Making an unforgettable entrance with her boundary pushing artistry, welcome 潘PAN (real name Pan Wei Ju), one of the most groundbreaking musicians you’re likely to hear this year.
Though Pan Wei Ju is an entirely new artist – new outlook, new message, new material and name – you may have met the woman herself before. Back in the mid-’10s, the Taipei-born rapper went by the moniker Aristophanes. After performing a career-changing feature on ‘SCREAM’, taken from Grimes’ celebrated NME Album of 2015 ‘Art Angels’, Aristophanes went on to build a cult fanbase, releasing her debut mixtape ‘Humans Become Machines’ two years later and then… silence. The release disappeared from Spotify, while confused fans started entire Reddit threads dedicated to discussing where the musician might have gone.
The answer, however, comes now in the form of ‘Reborn’: Pan’s first new material since that time and the first to be released under her own name.

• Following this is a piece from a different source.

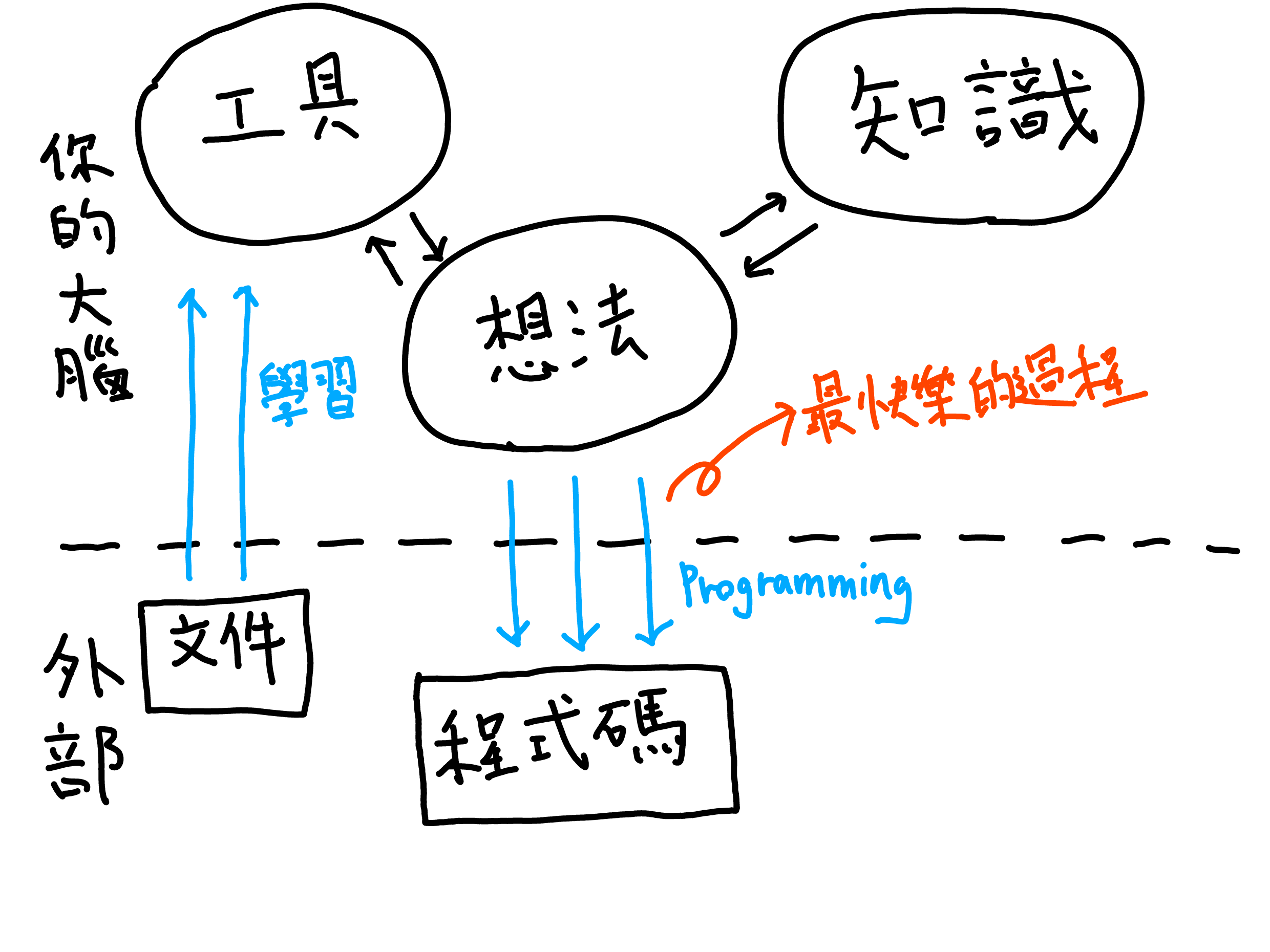 學習和寫程式,一個是輸入,另一個是輸出。我們無法邊吸氣邊唱歌,我們也無法在邊學習工具邊使用它。

There’s no grand story to the Spotify wobble – her old distributor went bust during Covid; it’s now back on the platform, re-released by new label Transgressive Records. But as for the musician herself, Pan is reemerging with the same new energy that the EP’s title might suggest. “Aristophanes was me writing in my bedroom and doing my own thing, whereas now after years of travelling around, what I want to do is more about connection,” she says. “As an artist I’m more mature. This new music is bigger and it has a stronger message.”

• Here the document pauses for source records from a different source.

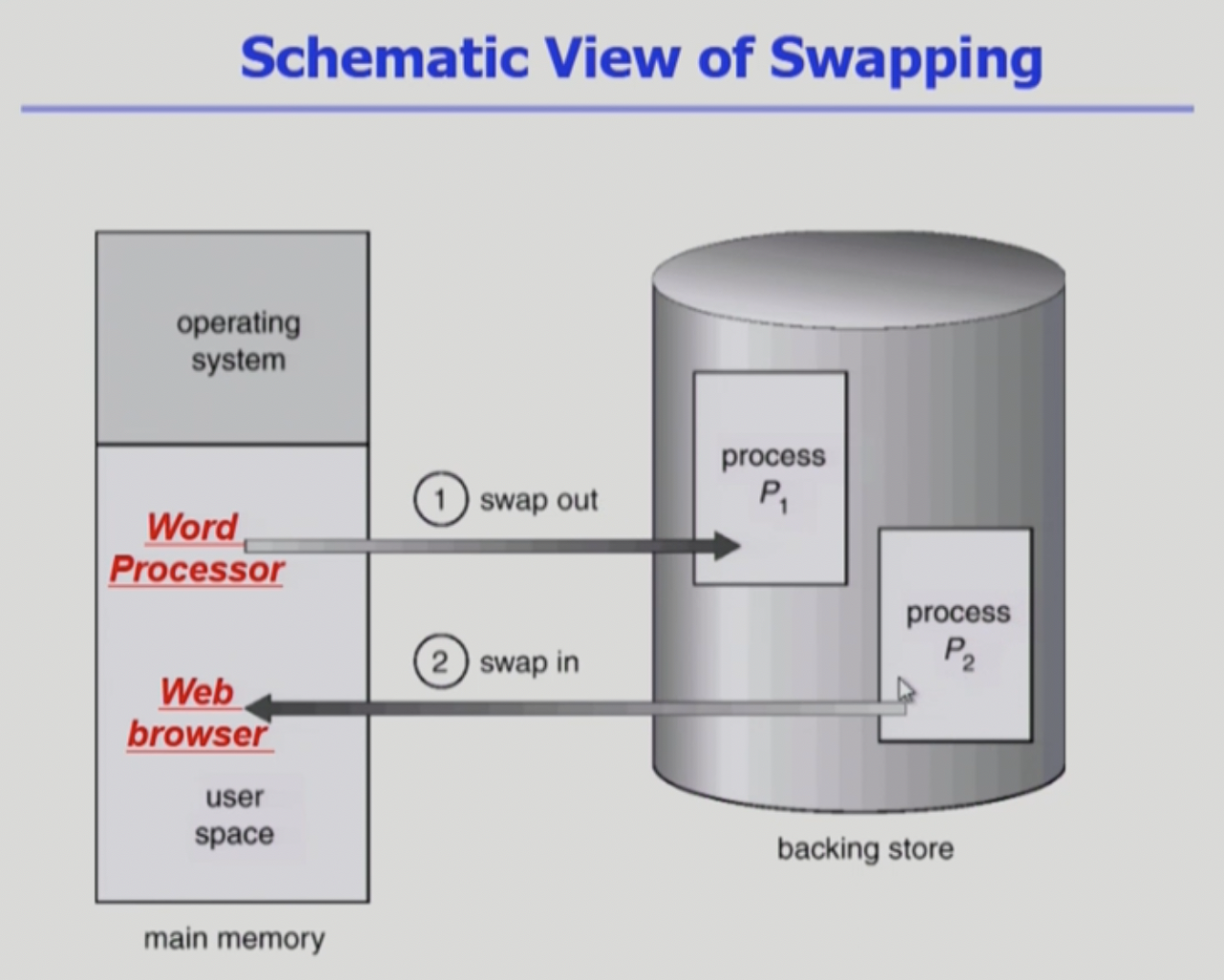 - 주의: 운영체제가 관리하는 프로세스가 메모리에 올라갔다 다시 내려가는 동작(페이징 기법)이랑은 본질적으로 다름 → 하지만 요즘에는 용어를 혼용하기도 함
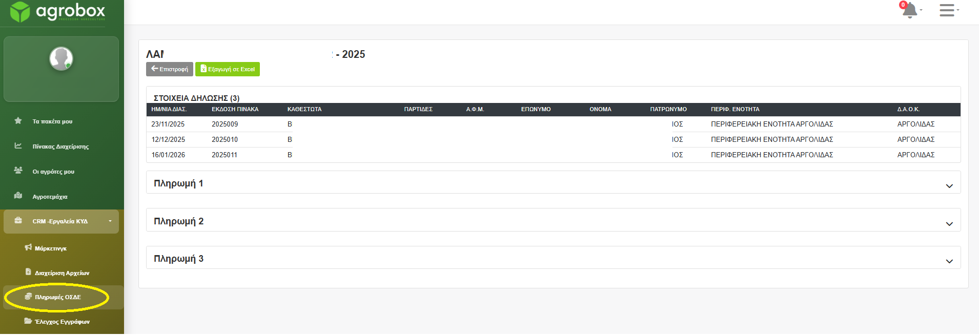 Η νέα καρτέλα ''Πληρωμές ΟΣΔΕ'' περιέχει όλες τις πληροφορίες συγκεντρωτικά οι οποίες αφορούν:
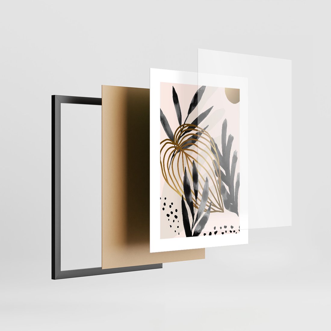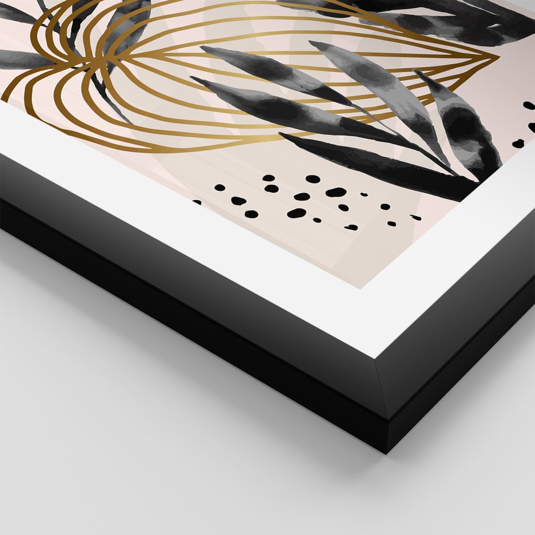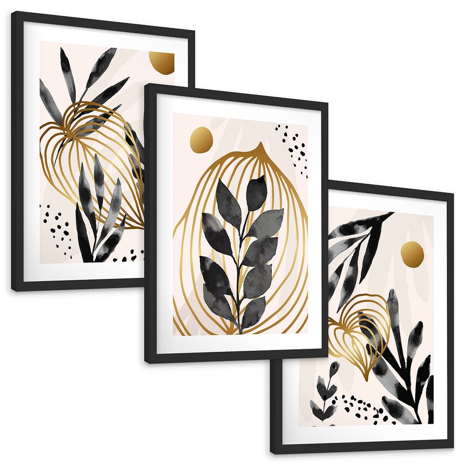Zestaw obrazy w ramie, plakaty - liście, złoto, abstrakcja - rama czarna
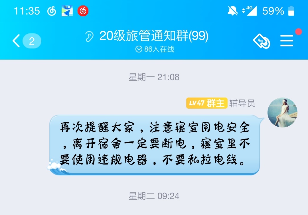 积极落实“零点”汇报制度,各年级各专业以班级为单位,寝室长为监督负责人,每晚23:00辅导员通过“今日校园”了解学生在寝情况,及时掌握学生晚归不归或等情况。为切实加强20级旅游管理专业学生就业安全教育,赵佳慧通过事务性班会、QQ群通知等提醒大家注意冬季寝室用电防火安全及寝室卫生。色情动漫
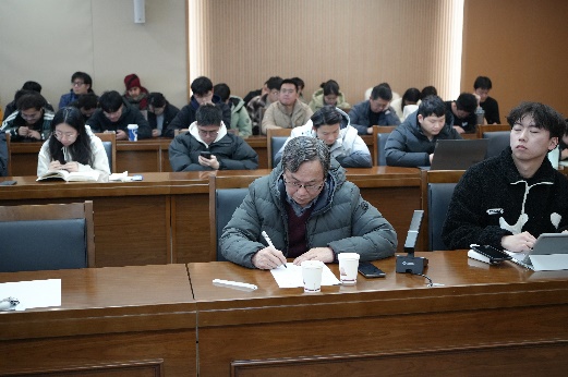 随后,周叶中教授详细、系统地阐释了习近平法治思想的核心要义,即“十一个坚持”,包括坚持党对依法治国的领导、坚持以人民为中心、坚持中国特色社会主义法治道路、坚持依宪治国、依宪执政等内容。周教授深入剖析“十一个坚持”的丰富内涵,明确了各个坚持在全面依法治国过程中的地位和价值。其中,对于“坚持党对依法治国的领导”,周教授强调坚持党的领导和坚持依法治国是相统一的,并对比了中西方政党的差异,彰显出中国共产党鲜明的政治品格;对于“坚持中国特色社会主义法治道路”,周教授通过探讨“普世价值”的理论误区,论述了形成“中国特色”的必要性;对于“坚持统筹推进国内法治和涉外法治”,周教授提出我国目前存在着涉外法治不健全、人才严重缺失的问题……周教授对“十一个坚持”的细致讲解使同学们对习近平法治思想有了更深入的理解和把握。
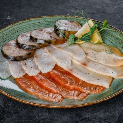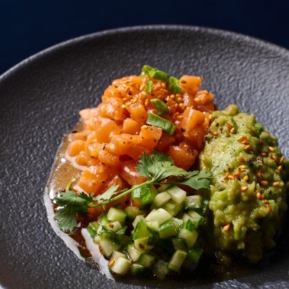 Тар-тар из лосося с кремом авокадо и кунжутными огурцами
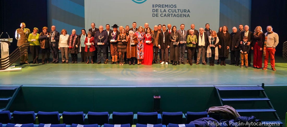 María Teresa Cervantes, Jaime Cros, Grupo Folclórico Ciudad de Cartagena, Juan Manuel Díaz Burgos, Silvia Conesa, Coral Tomás Luis de Victoria, Plataforma Ciudadana Virgen de la Caridad, Comunidad Hermanitas de la Asunción, Colectivo de Educación de Personas Adultas Carmen Conde y Conservatorio de Cartagena fueron los destinatarios de los galardones de la 'II Gala de los premios de la cultura', que organizó anoche el Ayuntamiento en El Batel.
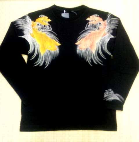 素材 綿 100% 両胸、両腰にそれぞれ、別色の鯉が向き合っています。 価格:\8,820(税込)
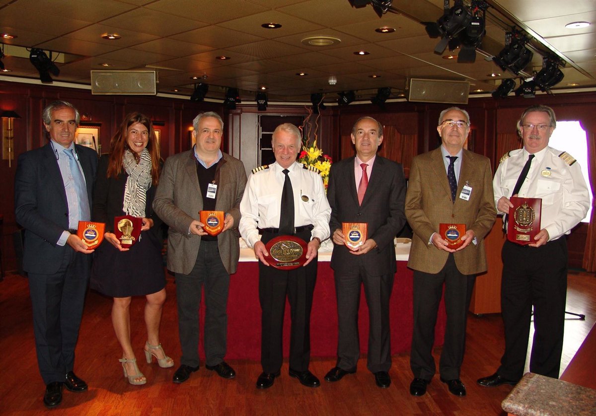 Tanto el presidente de la Autoridad Portuaria de A Coruña, Enrique Losada, como el concejal de Economía y Hacienda del Ayuntamiento, Roberto Coira, procedieron al tradicional intercambio de metopas con el capitán del crucero.

Working with Grimes – a fellow self-taught female artist who produces and engineers everything herself – was the confidence booster that Pan needed. “If you’ve got ears and you’ve got a desire to express, then you can learn all the things from Youtube – it’s not just limited to men,” she says. “I can learn that and I can do what I want, I just need to do the work.” And so, for the past half decade, Pan has been doing exactly that.
Across a constantly morphing sound palette that moves from metallic, apocalyptic beats to delicate nods to the traditional music of her Asian heritage, via heavy, industrial moments, spacious soundscapes and much more, the thread is Pan’s utterly mesmeric vocal. Performing in a mix of Mandarin and English, she explains that having the two languages to play with is “like featuring another artist who has a different way of describing things”.

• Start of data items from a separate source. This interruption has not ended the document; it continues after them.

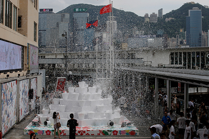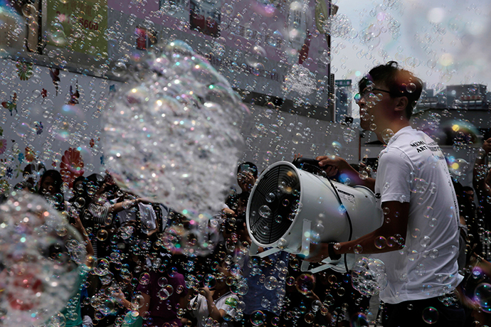 Εκατομμύρια φούσκες «πλημμύρισαν» τον ουρανό του Χονγκ Κονγκ και πέταξαν ανάμεσα στους ουρανοξύστες, στα πλαίσια εικαστικής έκθεσης Ιάπωνα καλλιτέχνη, που έκανε τα εγκαίνιά της.
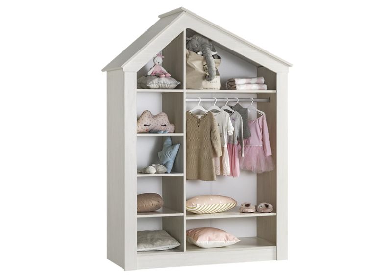 Гардеробът разполага с 6 просторни рафта, 1 лост за дрехи и вградено осветление, което осигурява удобство при подреждане и използване през всяко време на деня. Механизмите за плавно затваряне гарантират тиха и безопасна употреба, подходяща за детски помещения.
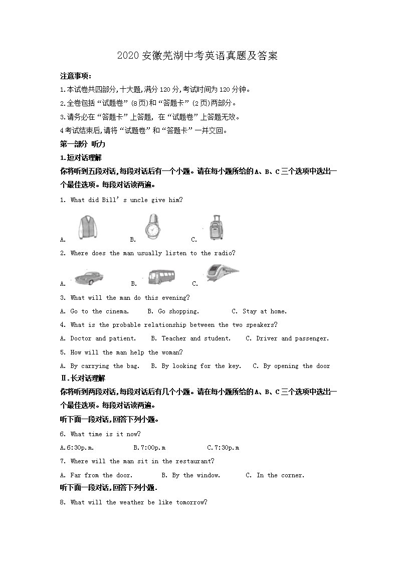 【文档名称】 2020安徽芜湖中考英语真题及答案(Word版).doc
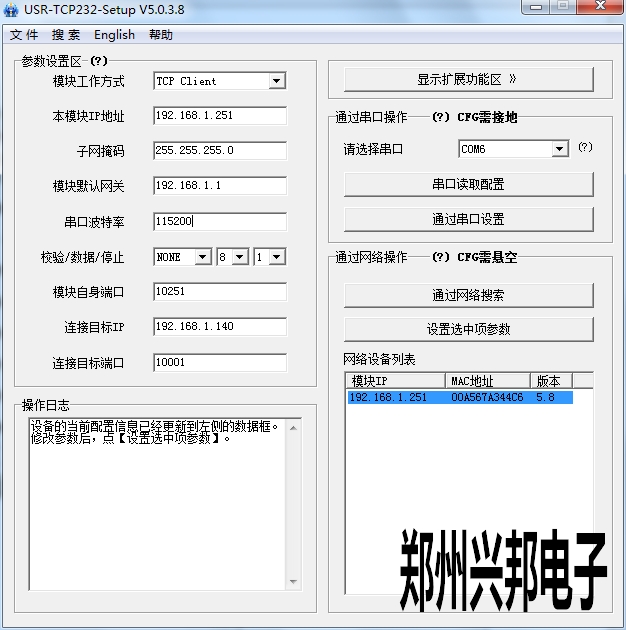 5. 模塊自身端口取所填本地ip地址的最后一空的數字,比如所填IP為192.168.1.251那么該端口就是10251。
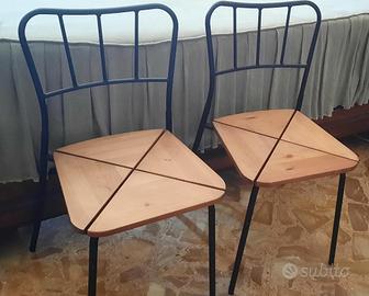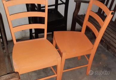 7 sedie da cucina, di cui 4 completamente in legno (2 arancioni e 2 nere), 2 in legno e metallo, 1 in resina e paglia. Tutte in ottimo stato, le ultime 3 praticamente nuove.

Across the releases, confident sexual expression mixes with tenderness, empathy and a particularly feminine sort of strength to create a world that Pan hopes will transcend language and connect her audience via something more innate. “The music is a place to feel safe,” she says. “The message that I want to carry through the two EPs and the album is to demonstrate the strength of accepting your own situations. When you can’t make things right but you’ve done your best, sometimes it’s really hard to admit that to yourself. It takes strength to do that. I use lots of sexual metaphors, but I feel like it’s more about the female need to be seen and heard. I want to build something more delicate and layered and connected to our life experience – to the trauma and the pleasure and the growth.”
In the time since she last stepped into the spotlight, the musician has experienced her fair share of all these things. Now, it’s as an entirely evolved artist that she returns with a new collection of music that revels in it all: the trauma, the pleasure, the growth and the long-awaited rebirth of Pan Wei Ju.